The first argument, item (i) above, has met with success in the past. The courts have provided a roadmap to the  banks as to how to make the agreements more enforceable, and the banks and CUs unions have responded (in  the last 20 years) with revised wording, which is much tighter and more difficult to get around. Of course, this  means that the CUs need to ensure that any older account agreements which still exist (for certain member  accounts) must be replaced with updated standard form agreements.  

The second argument (member did not receive the agreement) has also met with some success in the past. In  my experience, account applications in recent years generally contain an acknowledgment by the member,  beside the signature line, which specifies that the member received a copy of the account agreement wordings.  This is a helpful tool for lawyers defending the CUs! More recently, with online banking, the website can contain  a provision which states that so long as the member is using the online banking facilities, they acknowledge  receipt of and accept the enforceability of the applicable agreement. This too is very helpful in ensuring  enforceability.  

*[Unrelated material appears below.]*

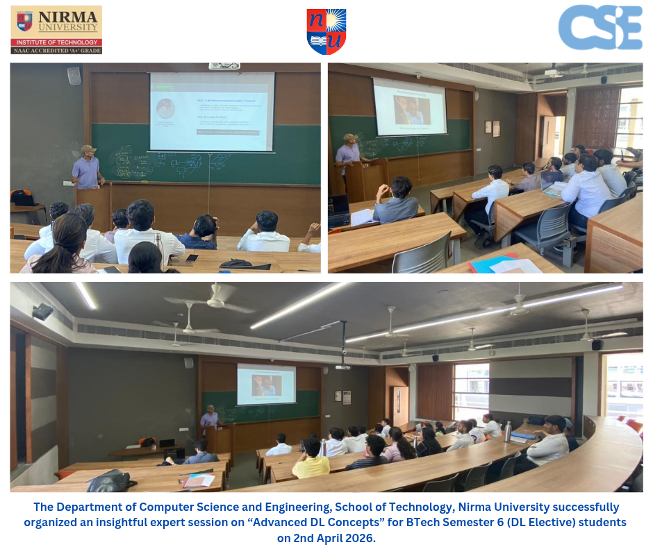 The Computer Science and Engineering Department, School of Technology, Nirma University successfully organized an insightful expert session on “Advanced DL Concepts” for BTech Semester 6 (DL Elective) students on 2nd April 2026.
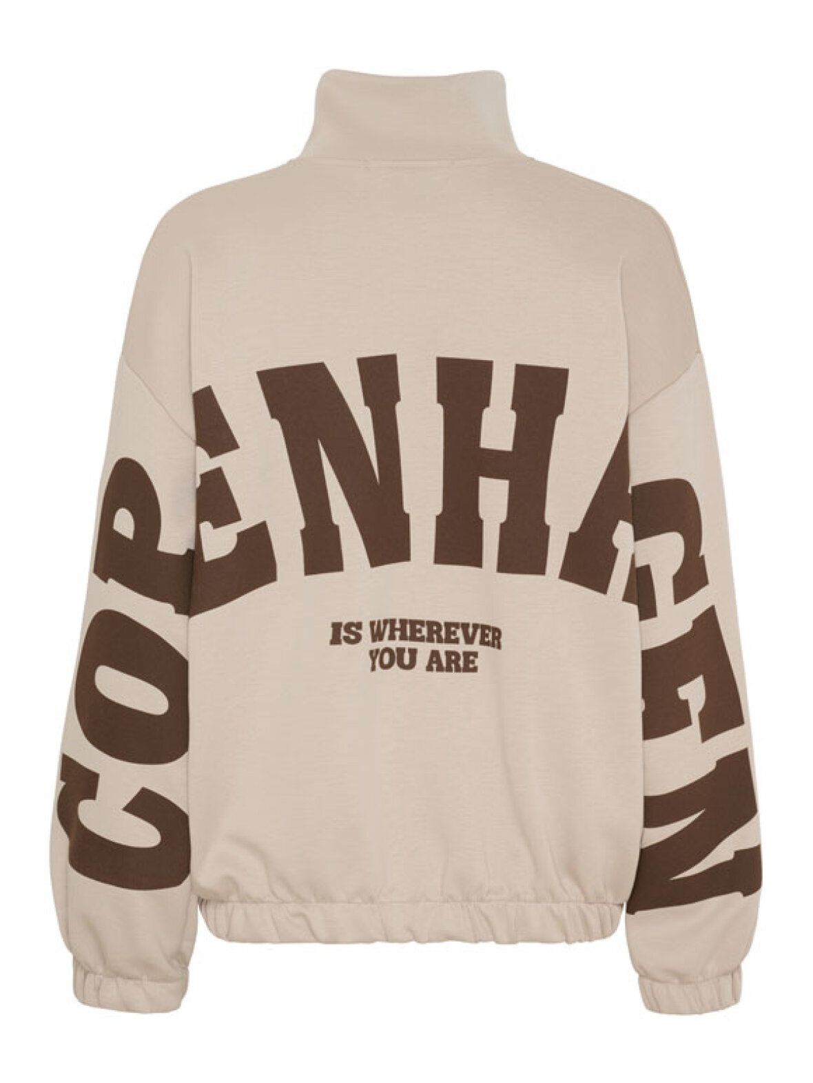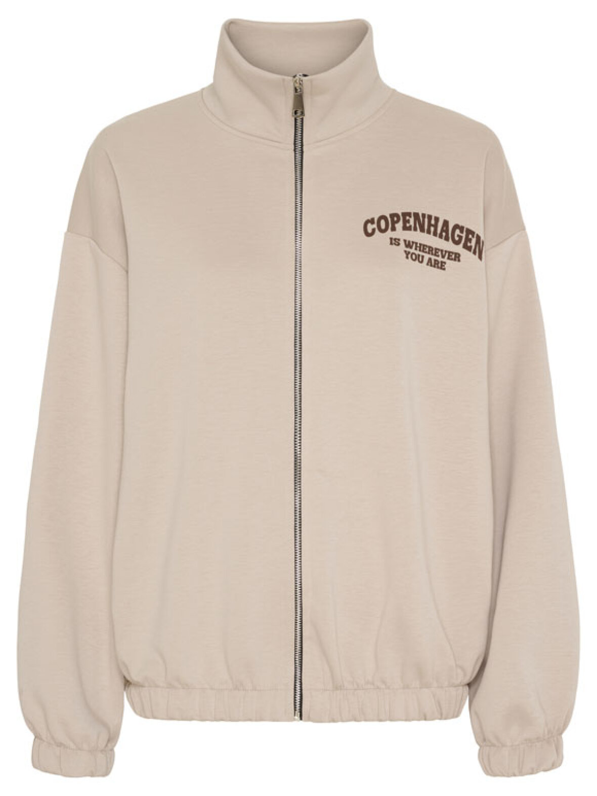 Cool og afslappet sweat-cardigan fra Marta Du Château i en skøn sandfarve. Cardiganen har en høj krave, gennemgående lynlås og elastik ved både talje og ærmer, som giver et komfortabelt og sporty fit. Det grafiske Copenhagen print på både bryst, ærmer og ryg tilfører et moderne og urbant udtryk. Perfekt til afslappede hverdagslooks, gåture og casual layering.

Finally, in some instances relating to older accounts, account agreements cannot be found. Generally speaking,  if an account agreement cannot be found, then a credit union would have a very difficult time enforcing the  terms of any agreement that ought to have been in place. There are ways to prove in court that a member must  have received the account agreement and so should be bound by it, but this is not an easy argument to make.  One way around this would be for the CU, if possible, to update to the current version of account agreement, as  needed, across its full membership, either by sending out updated account agreements by mail to the  membership or doing so, where available, by email.